Rather than forcing an assignment of the Pali Buddhist terms with an English equivalent Sugunasiri allocates Citta, Mano, and Viññāṇa each with a primary function: judgment, reception, and execution, respectively. This is based on his analysis of the 17 mindmoments of a Stream of Consciousness as in the Abhidhamma. as can be seen in fig. 17, pg. 22 of his work "Triune Mind in Buddhism: A Textual Exploration".
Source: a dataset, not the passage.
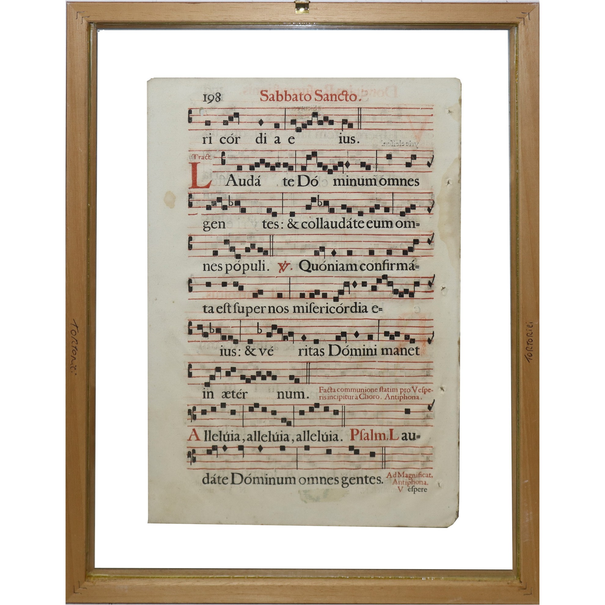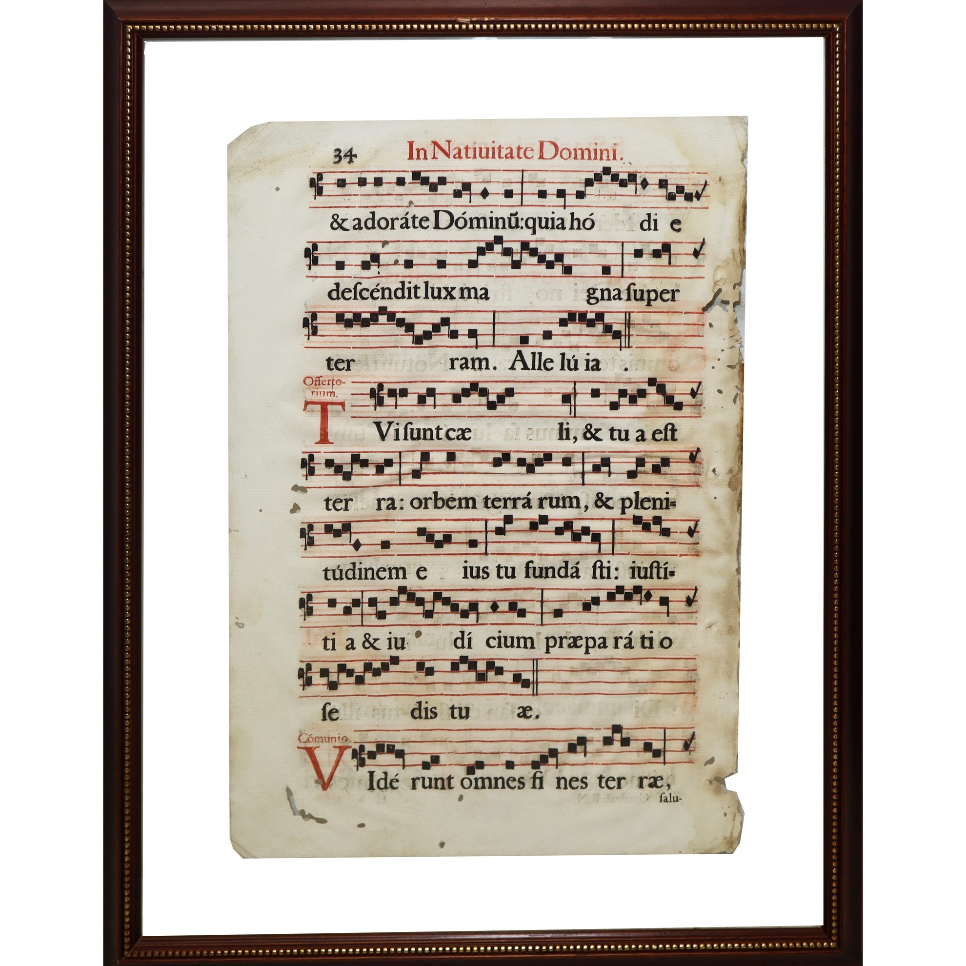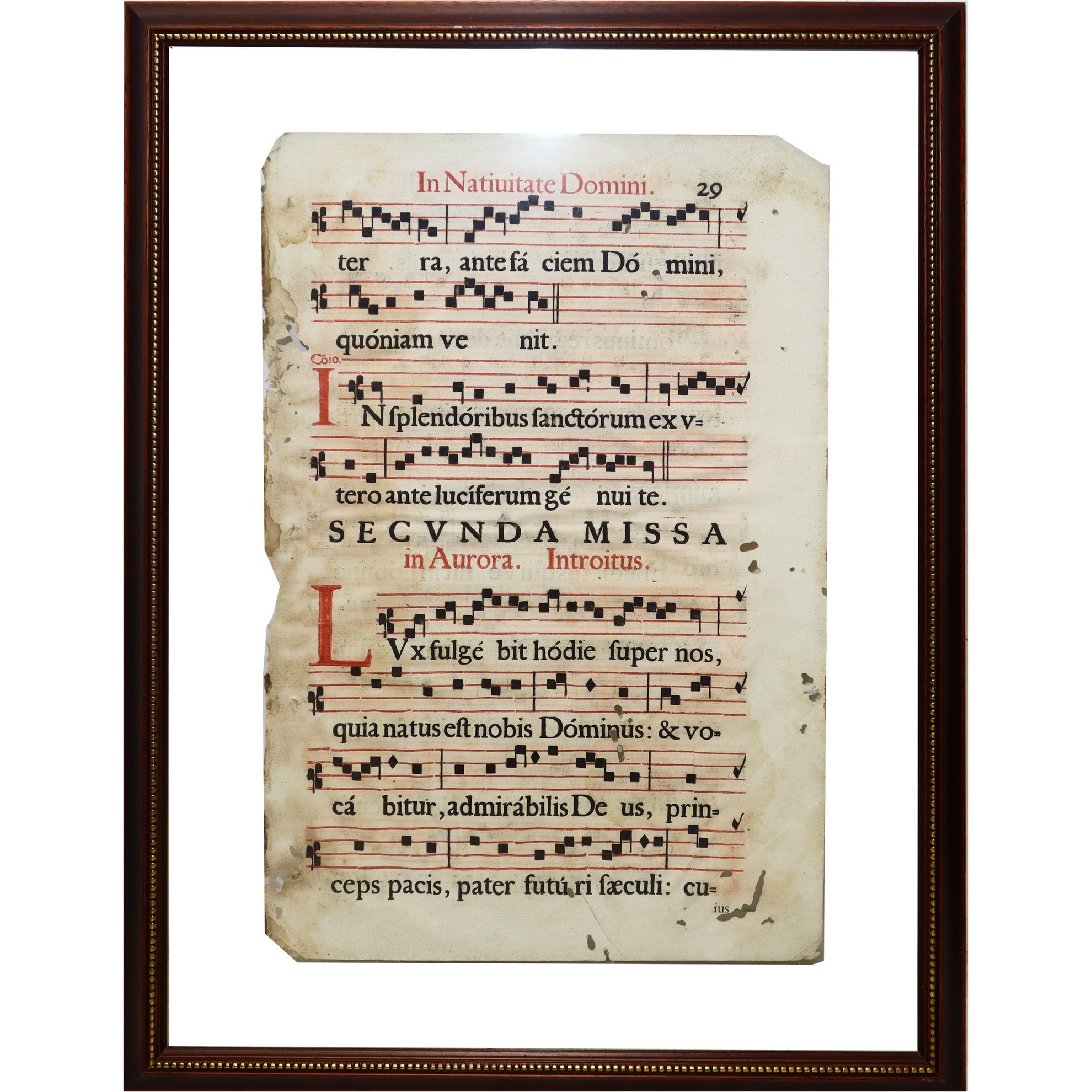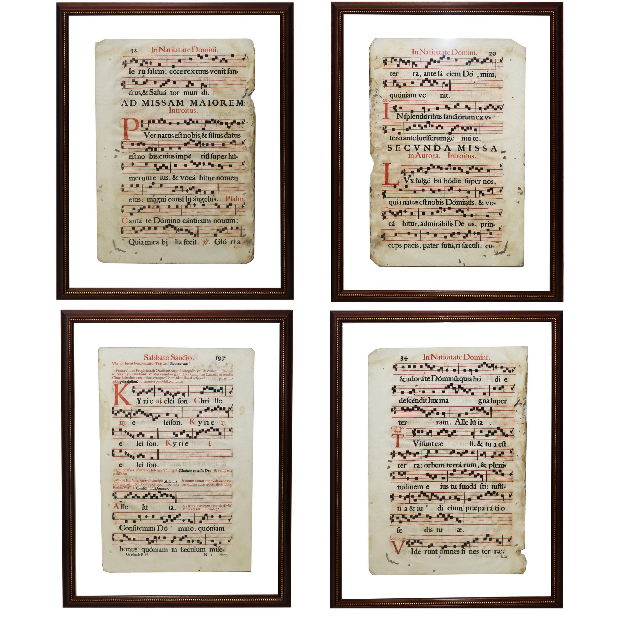 N. 4 Antifonari musica sacra "In Nativitate Domini", XVI Secolo in folio mm 420 x 280, in cornice cm 56 x 43 Tetragramma in inchiostro rubinio, rubricatura e capilettera in rosso. Notazione quadrata. EsemplatTetragramma in inchiostro rubinio, rubricatura e capilettera in rosso. Notazione quadrata. Esemplat

As mentioned, while Citta, Mano and Viññāṇa have their own functions, the most striking conclusion in Sugunasiri's analysis is that Viññāṇa is exclusively tied to a single given life. Mano, too, ceases to exist at the point of death. This means that Citta is the contractor that carries the building material life to life. This is based on Abhidhamma analysis where a relation between Rebecoming, both Citta (paṭisandhi citta) and Viññāṇa (paṭisandhi viññāṇa) occurs, but at the point of death there is only Citta (cuti citta).

Furthermore, the point is also made that Citta is present at the very point of conception, and Viññāṇa emerges only at the second Stream of Consciousness.
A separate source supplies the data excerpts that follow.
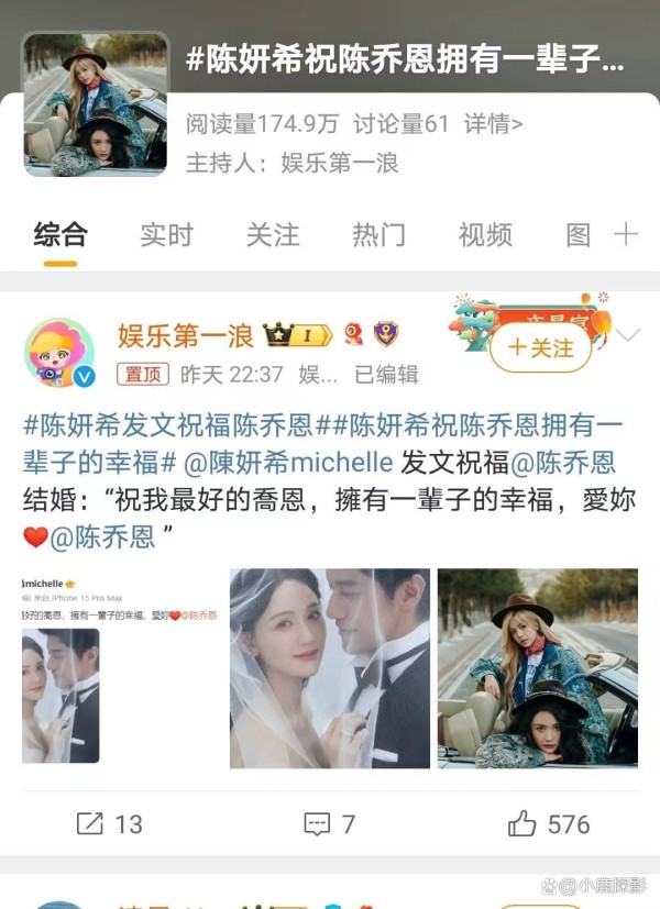 一些网友表示,陈妍希在祝福语中特意强调了“一辈子”,这似乎是在暗示着什么。有网友猜测,陈妍希可能是想到了自己和陈晓的婚姻,对于“一辈子”的承诺有着更深的感触。还有网友则回忆起陈妍希和陈晓曾经的婚纱吻名场面,感叹那段美好的时光。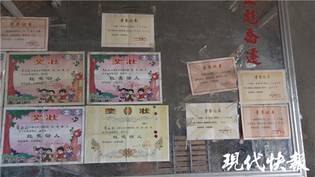 在堂屋墻壁上,貼滿了小莉多年來獲得的獎狀,奶奶在一旁清掃地面,為鋪地板做準(zhǔn)備。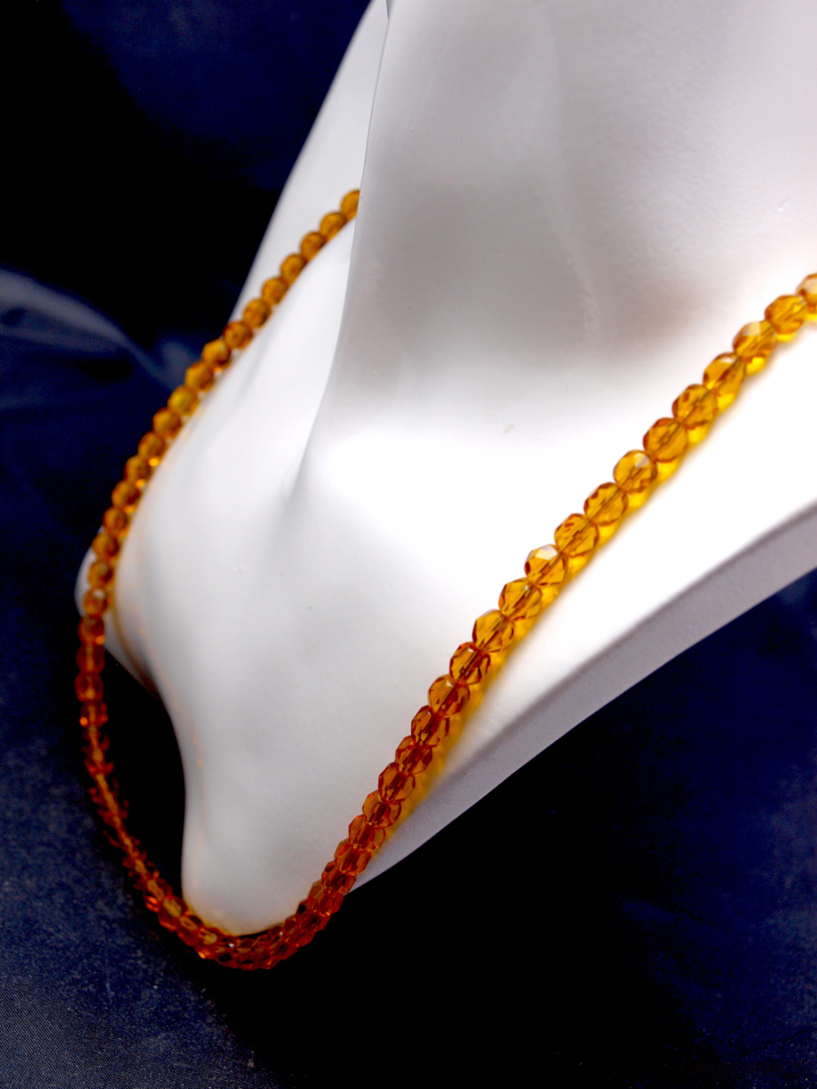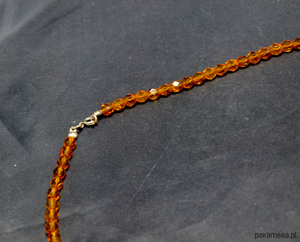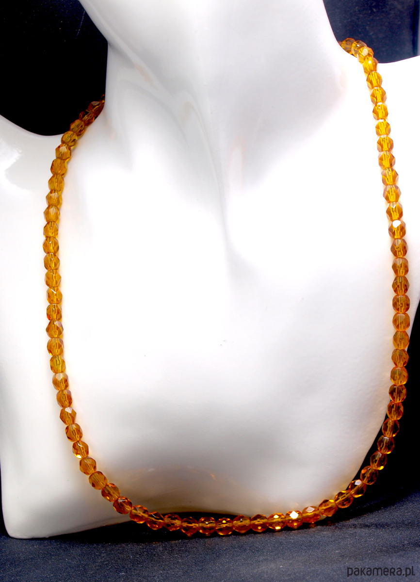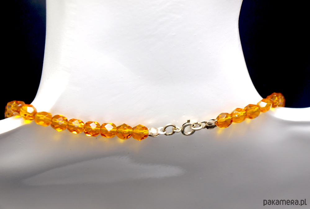 Korale ze szlifowanych szklanych elementów w bursztynowym odcieniu. Całość zapinana na srebrne zapięcie.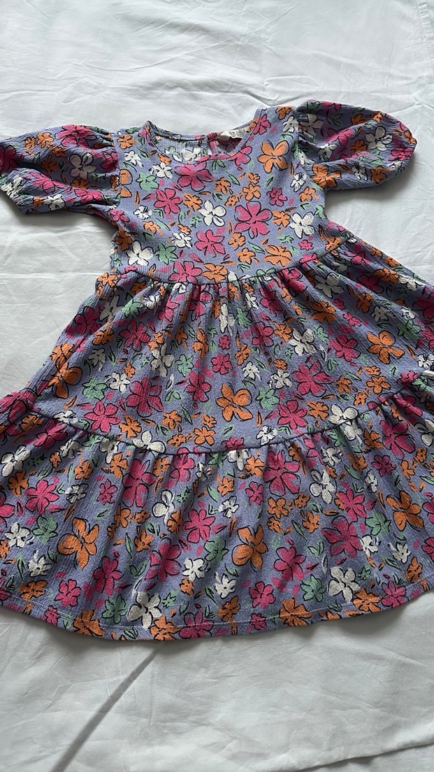 Renkli çiçek desenli, bol kesim bohem kız elbisesi. Fırfır detaylı ve yuvarlak yakalı, yumuşak sentetik kumaştan.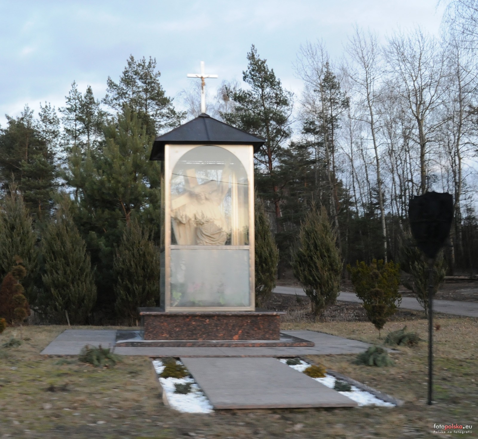 , Przydrożny krzyż, tuż obok zakładu kamieniarskiego.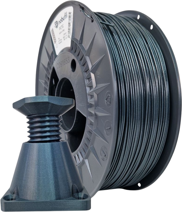 PCTG filament znamke Nobufil je izdelan iz reciklirane plastike, ki nastane kot proizvodni odpadek med industrijsko predelavo. V primerjavi s PETG filamenti ima ta polimer večjo odpornost proti udarcem, zaradi česar je primeren za izdelavo mehansko obremenjenih komponent.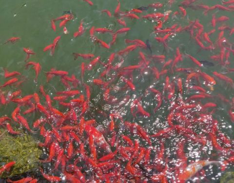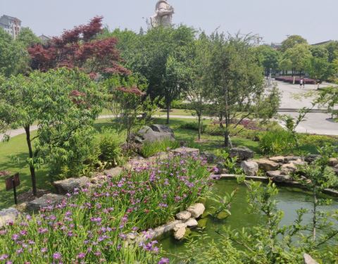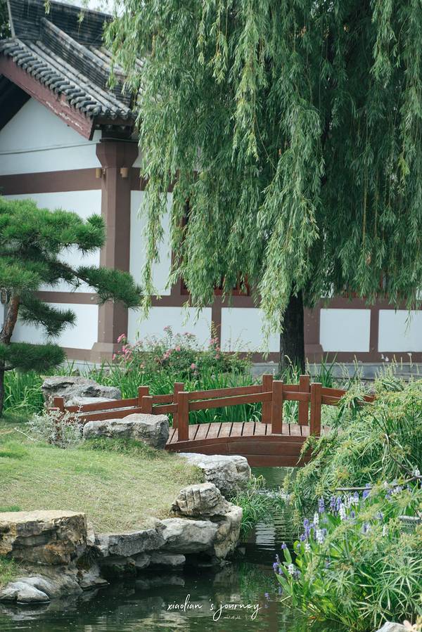 木桥、流水、小亭,游鱼,盛绽的各类花朵都构成了一处处好看的造景,我们流连于此,听水声、逗小鱼、拍拍照,也觉安逸。

==Triune Mind as M-Simplex and M-Complex==
The terms M-Simplex and M-Complex refer to the distinct overlapping, which exists within this model of the mind. The mind (M) is referred to as M-simplex insofar as its three constituting parts, Citta, Mano, and Vinnana, have separate functions. M-Complex, however, refers to the overlapping of the three, all of which is necessary for the mind, as a single model, to function as it does. In other words, the utilization between simple and complex shows how each part has a very specific role to play (each are eons apart) while remaining tightly intertwined with each other.